• _WORK REQUEST_:
Starting with the line containing "Mix Wooden Beads Stretch Bracelet Set" and going on through the line containing "L'altezza generosa dei", return the lines of the data below exactly, and only those.

• _DATA UNDER STUDY_:
◇ ◇ ◇ ◇ ◇ ◇ ◇

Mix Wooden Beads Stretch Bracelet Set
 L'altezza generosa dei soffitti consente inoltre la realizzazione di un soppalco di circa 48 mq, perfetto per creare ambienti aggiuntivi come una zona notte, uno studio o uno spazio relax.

◇ ◇ ◇ ◇ ◇ ◇ ◇

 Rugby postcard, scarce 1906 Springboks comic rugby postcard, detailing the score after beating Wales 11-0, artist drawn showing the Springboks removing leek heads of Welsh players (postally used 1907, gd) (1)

◇ ◇ ◇ ◇ ◇ ◇ ◇

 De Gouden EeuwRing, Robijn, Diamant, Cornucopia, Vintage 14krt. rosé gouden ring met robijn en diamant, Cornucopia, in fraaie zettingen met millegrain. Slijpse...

◇ ◇ ◇ ◇ ◇ ◇ ◇

• _FINISHED TASK_:
Mix Wooden Beads Stretch Bracelet Set
 L'altezza generosa dei soffitti consente inoltre la realizzazione di un soppalco di circa 48 mq, perfetto per creare ambienti aggiuntivi come una zona notte, uno studio o uno spazio relax.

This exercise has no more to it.